For $K=\mathbb Q(\alpha,\beta)$ with $\beta^2=\alpha^3$ if $\beta \in \mathbb Q(\alpha)$, then $|K:\mathbb Q|$ is finite.

Question

Let $K/\mathbb Q$ be a field extension and there exists $\alpha,\beta \in K$ with $K=\mathbb Q(\alpha,\beta)$ and $\beta^2=\alpha^3$. Then we have to show that:

If $\beta \in \mathbb Q(\alpha)$, then $|K:\mathbb Q|$ is finite.

Clearly $\beta \in \mathbb Q(\alpha)$ implies that $K=\mathbb Q(\alpha)$. I can't find a way to proceed.Contrapositively it will be enough to show that $\alpha$ is transcendental over $\mathbb Q$ will imply that $\beta \notin \mathbb Q(\alpha)$. Since $\{\alpha,\beta\}$ is algebraically dependent we must have $tr.deg.(K/\mathbb Q)=1$. How can I proceed in this way?
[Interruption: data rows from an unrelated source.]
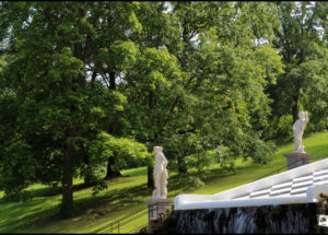 In unmittelbarer Nähe, im Monplaisir-Garten, gibt es dann sogenannte Spaßbrunnen. Peter der Große scheint nämlich nicht nur ein Staatsmann, sondern auch ein rechter Scherzkeks gewesen zu sein, immerhin soll er diese „Attraktion“ – die 2001 erneuert wurde – bereits 1721 angeregt haben.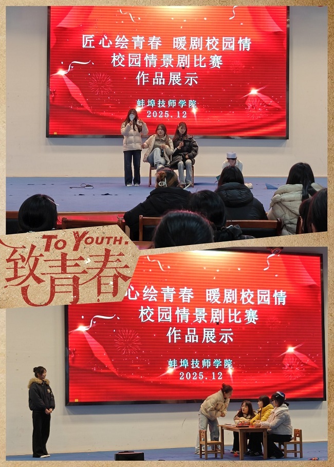 匠心筑梦,情景剧绘校园百态;青春扬帆,小品剧暖师生真情。12月18日,正能量小品、情景剧比赛精彩上演,8-10分钟的表演中融入专业技能元素,传递乐观进取、团结协作的价值观,用舞台艺术温暖校园,展现技师学子的青春担当。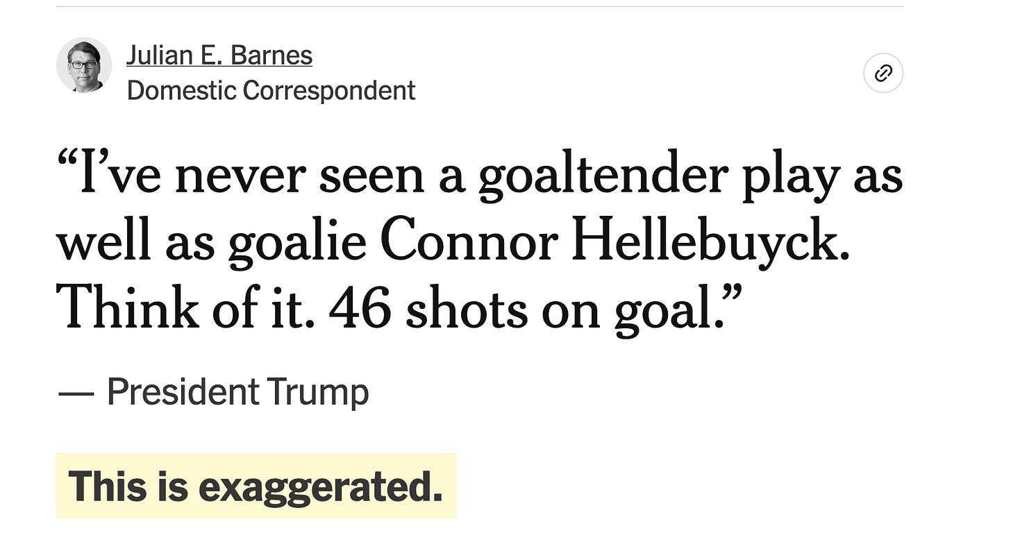 Trump is probably correct to say “I’ve never seen a goaltender play as well” because “sportswriters praised” Hellebuyck’s “amazing” game? What if “sportswriters” hadn’t praised it? It’s true Trump oversold the “shots on goal” Hellebuyck faced, but if you want to accurately be a dick about things, that’s the number Barnes should have corrected, not Hellebuyck’s saves. There’s petty, then there’s juking hockey stats during a presidential speech.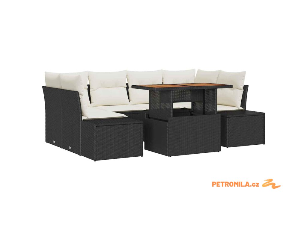 Zahradní jídelní souprava s polštářem 7 pcs Černá a krémová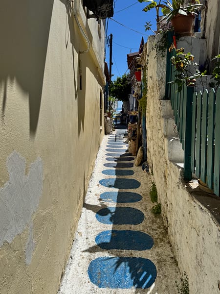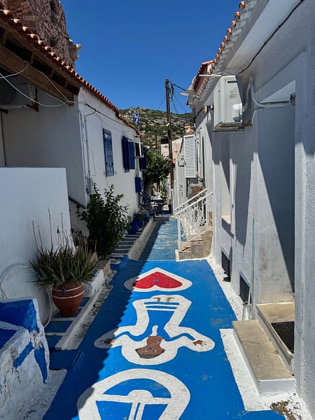 Hoogtepunt was voor mei de “Blue Street”. In deze bijna niet te vinden straat hebben bewoners zich uitgeleefd op Grieks blauw gekleurde rariteiten.

Some other approach is also equally welcome. Thanks.

Answer 1

Hint: For any $f\in \mathbf Q(x)$, evaluating at any rational number (apart from the finitely many roots of the denominator) makes sense and yields a rational. This is not true for $x^{\frac{3}{2}}$.